There's a special way to commit suicide, and that is: Take someone else with you. It's the ultimate ace-in-the-hole for those who argue that suicide is a selfish act -- and I've been arguing that very point back and forth ever since a close friend killed herself a few hours after our last phone call about a year ago. Removing oneself forever from the world, because life's troubles seem otherwise insoluble, is massive enough. It wields tornadoes that never subside. But killing others, then killing oneself, is a spectacle of monstrous contrasts: It's a display of terrifying power (over life itself, and not just mine but yours) but also of pathetic impotence (he couldn't handle life but also couldn't handle death, thus needed company). It's fierce but cowardly. Self-obsessed yet hyper-social. It is at once a cry for help and a command to be condemned.
Consummately pitiful yet consummately cruel.
Last month, a Southern California man apparently distraught about job loss slew his wife and five young children before killing himself. Armed with a handgun, Ervin Lupoe "evidently roamed room to room" in the family home "fatally shooting his wife and five young children -- including two sets of twins," we read in the Los Angeles Times. Lupoe had faxed a letter to a local television station claiming that "my wife felt it better to end our lives," though investigators and relatives believe the bloodbath was entirely his own. "Knowing we have no job and five children under 8 years with no place to go," Lupoe wrote in that letter, no other choice seemed viable: "Why leave our children in someone's else's hands?"
Excellent question, my mass-murdering friend. Why leave them in someone else's hands? Answer: Because, there, they'd be alive today. Here we see the high-speed selfishness of suicidal thinking: "Someone else's hands," anyone else's, are unacceptable to the man who feels that because he lost his job he can no longer hold those children comfortably in his.
"A broken-hearted husband murdered his wife before killing himself with an electric drill after she ended their marriage on Facebook," ran a story last week in the Daily Mail. "Electrical engineer Gary Grinhaff bludgeoned wife Tracey to death after she changed her Facebook status to 'splitting up with husband.' He then drove to nearby woods where he tried to kill himself in a number of different ways before finally succeeding."

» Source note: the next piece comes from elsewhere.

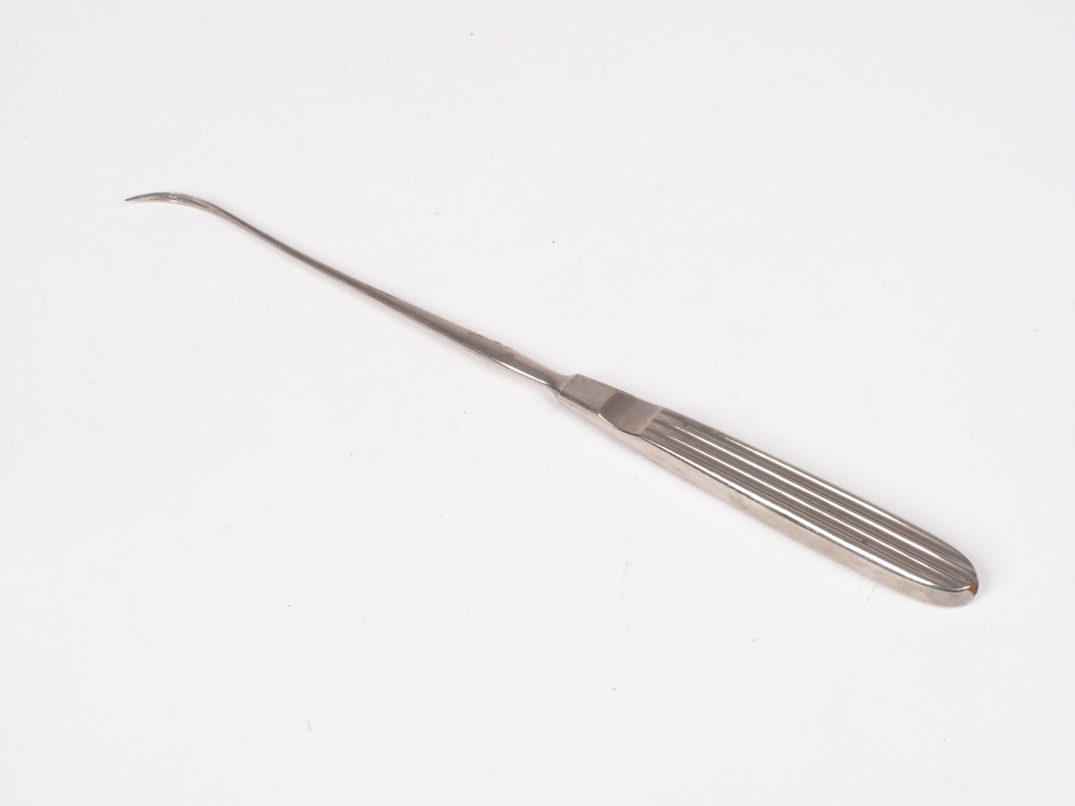Saum nál á skafti, lítið bogin, beitt, auga ekki opnanlegt. Ekkert framleiðandamerki. Sjá: V Mueller & Co, bls. 130-131. Aesculap I, B-4833 Pfriemen nach Pancet zur Drahtnaht. Úr eigu Bjarna Snæbjörnssonar læknis (Blöndal/Jónsson I 1970, bls. 161).

Tracey was having an affair, a fact that Grinhaff had confirmed by bugging her car and following her. After beating Tracey to death in the couple's bedroom late at night while their daughters, aged thirteen and three, slept in nearby rooms, he drove to the forest, where he "killed himself by drilling into his leg and arm with the saw attachment to his cordless electric drill." Police found suicide notes in his car. In one, Grinhaff wrote: "This cannot go on, this is my only way out." Another note, addressed to his thirteen-year-old daughter, "expressed sorrow over the affair combined with anger that he had been 'forced' to follow his wife to confirm his suspicions."
Ah, "forced." Those of us who have lost loved ones to suicide know this word all too well, along with "I have no other choice" and "Without him/her/it, I have nothing." The world goes black-and-white for the suicidal person, and the future goes blackest of all: a total blank. Believing himself "forced" to kill his unfaithful wife and then himself, Grinhaff was also "forced" to render his young daughters not just orphans but the children of a murderer.

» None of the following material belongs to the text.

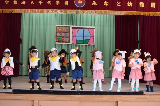 ♬第69回「みなと幼稚園発表会」♬ 2023年12月02日 共通 第69回「みなと幼稚園・リズムとことばの表現あそび発表会」を行いました。 子どもたちは、劇や合奏の練習に一生懸命取り組み、発表会では、ご家族の皆様に練習の成果を披露することができました 発表前は少し緊張気味の子もいましたが、ステージでは大きな声で歌い、合奏でも素晴らしい演奏を響かせてくれました。 ご家族の皆様、子どもたちにたくさんの拍手をありがとうございました。

The passive voice: I am forced. Which is to say: Someone or something else besides me is to blame.
And in today's news: "A company director battered his wife to death before calmly walking to a railway station 100 yards from his front door and throwing himself under a train. Father-of-two Mark Findlay's decapitated body was discovered on the tracks at Marston Green station in Birmingham yesterday." According to the report, police found 36-year-old Helen Findlay dead in the couple's £300,000 home, where the Findlays had run a successful business selling Yu-Gi-Oh! and Pokémon materials. Their children, aged thirteen and six, were staying with relatives at the time. According to neighbors, "the couple had been experiencing marital difficulties."
Well, that man's problems got solved. Wait, or did they?